Emailkontrolle durch Arbeitgeber

oder

!Der darf doch nicht meine Emails lesen!

Der europäische Gerichtshof für Menschenrechte (EGMR) hatte mit einem Urteil vom 12.01.2016 (Barbulescu/Rumänien (Beschwerdenummer: 61496/08)) darüber zu entscheiden, ob die Überwachung der Internetnutzung eines Arbeitnehmers durch den Arbeitgeber einen Verstoß gegen das Recht auf Achtung des Privat- und Familienlebens nach Artikel 8 der europäischen Menschenrechtskonvention darstellte.

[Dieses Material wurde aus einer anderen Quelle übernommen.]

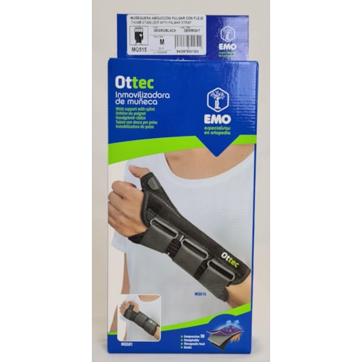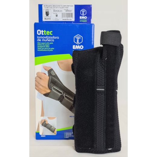 Órtese projetada para imobilização do punho e do polegar, combinando tala palmar e tala radial de alumínio ajustáveis para suporte anatômico e personalizado.
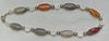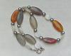 In dieser Edelsteinkette ist abwechselnd ein länglich geschliffener Achatstein sowie silberne Süsswasserperlen und Perlmuttsteine eingefasst.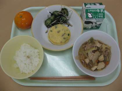 ごはん 牛乳 かにたま いそあえ かんこくふうすきやき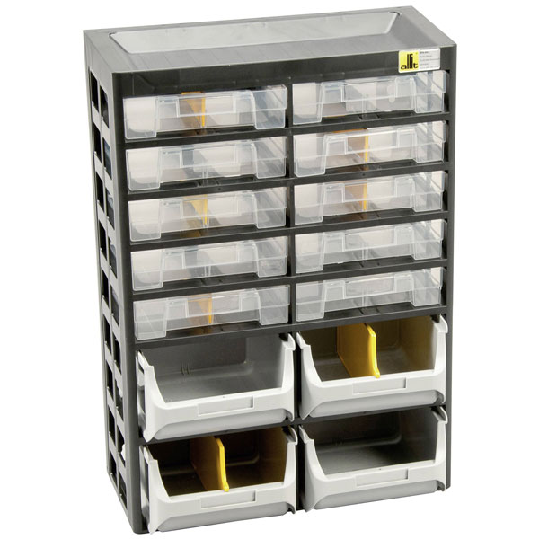 The Allit storage bin, model 458140, is a versatile storage container measuring 305 x 435 x 170 mm and designed for efficient organisation. Available in black, grey, and yellow, this VarioPlus Basic D 21 model is suitable for storing and transporting various items. It is ideal for use in workshops, garages, and home storage solutions.

Der rumänische Beschwerdeführer wurde von seinem Arbeitgeber darüber informiert, dass auf Anweisung des Arbeitgebers ein für den Arbeitnehmer eingerichtetes Emailkonto überwacht worden war und Aufzeichnungen über die private Nutzung des Email-Accounts dem Arbeitgeber vorliegen würden.

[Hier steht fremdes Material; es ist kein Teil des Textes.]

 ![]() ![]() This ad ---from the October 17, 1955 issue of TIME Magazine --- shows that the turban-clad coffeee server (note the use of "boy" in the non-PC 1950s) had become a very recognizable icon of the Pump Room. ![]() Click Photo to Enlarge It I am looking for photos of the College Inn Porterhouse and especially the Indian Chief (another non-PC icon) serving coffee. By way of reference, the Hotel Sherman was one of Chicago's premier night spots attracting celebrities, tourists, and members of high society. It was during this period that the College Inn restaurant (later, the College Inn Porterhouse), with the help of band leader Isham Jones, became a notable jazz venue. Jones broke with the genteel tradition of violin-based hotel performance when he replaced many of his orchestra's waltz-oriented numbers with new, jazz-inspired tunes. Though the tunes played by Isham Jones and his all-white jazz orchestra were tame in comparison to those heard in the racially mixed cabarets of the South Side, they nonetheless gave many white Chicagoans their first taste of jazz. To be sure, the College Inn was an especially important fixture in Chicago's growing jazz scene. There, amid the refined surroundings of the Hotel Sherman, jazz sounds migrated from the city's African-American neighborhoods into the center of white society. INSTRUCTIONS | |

Der Arbeitgeber teilte dem Arbeitnehmer mit, aus den Protokollen sei eindeutig private Kommunikation zu ersehen, die entsprechenden Protokolle wurden dem Arbeitnehmer vorgelegt.

Aus den Protokollen ergab sich unter anderem, dass der Arbeitnehmer z.B. mit seinem Bruder und seiner Verlobten unter anderem über sein Gesundheits- und Geschlechtsleben kommuniziert hatte.

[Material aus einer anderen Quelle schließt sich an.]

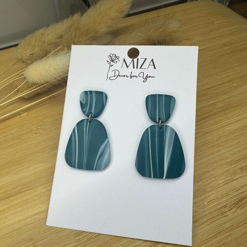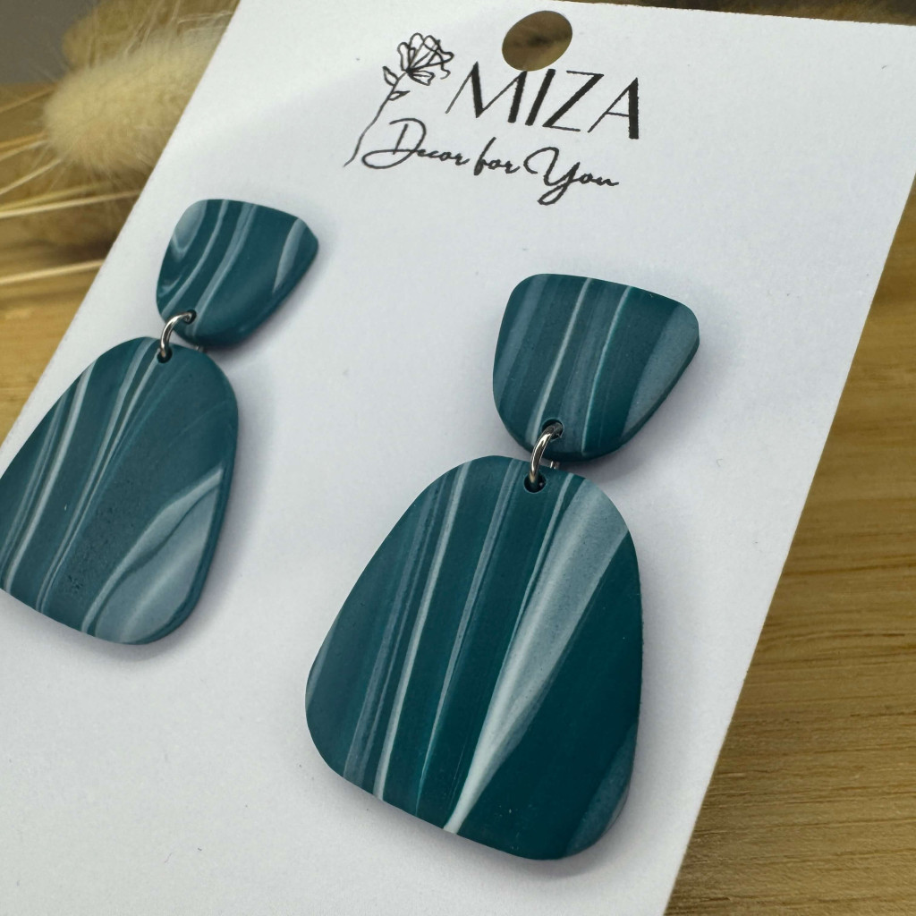 2 részes tompa trapéz fülbevaló - fenyőzöld - csíkor

Aufgrund der privaten Nutzung des Email-Accounts erhielt der Mitarbeiter eine Kündigung.

Der Mitarbeiter wehrte sich am Ende vergeblich gegen die Kündigung mit der Begründung, der Arbeitgeber würde durch eine Überwachung des Email-Accounts gegen das Recht auf Achtung des Privat- und Familienlebens nach Artikel 8 der europäischen Menschenrechtskonvention verstoßen.

Der europäische Gerichtshof für Menschenrechte entschied allerdings, dass es für den Arbeitgeber nicht unbillig ist, die Arbeitsleistung des Arbeitnehmers während der Arbeitszeit überprüfen zu wollen. Es wurde hervorgehoben, dass das Interesse des Arbeitgebers, der eine geschäftliche Emailadresse für einen Mitarbeiter einrichtet, dass der Mitarbeiter über diese Emailadresse auch nur geschäftliche Kommunikation betreibt, dem Interesse des Mitarbeiters an einer ungestörten Privatnutzung eines entsprechenden Emailanschlusses bei weitem überwiegt.

Er wies insofern die Beschwerde des Beschwerdeführers zurück.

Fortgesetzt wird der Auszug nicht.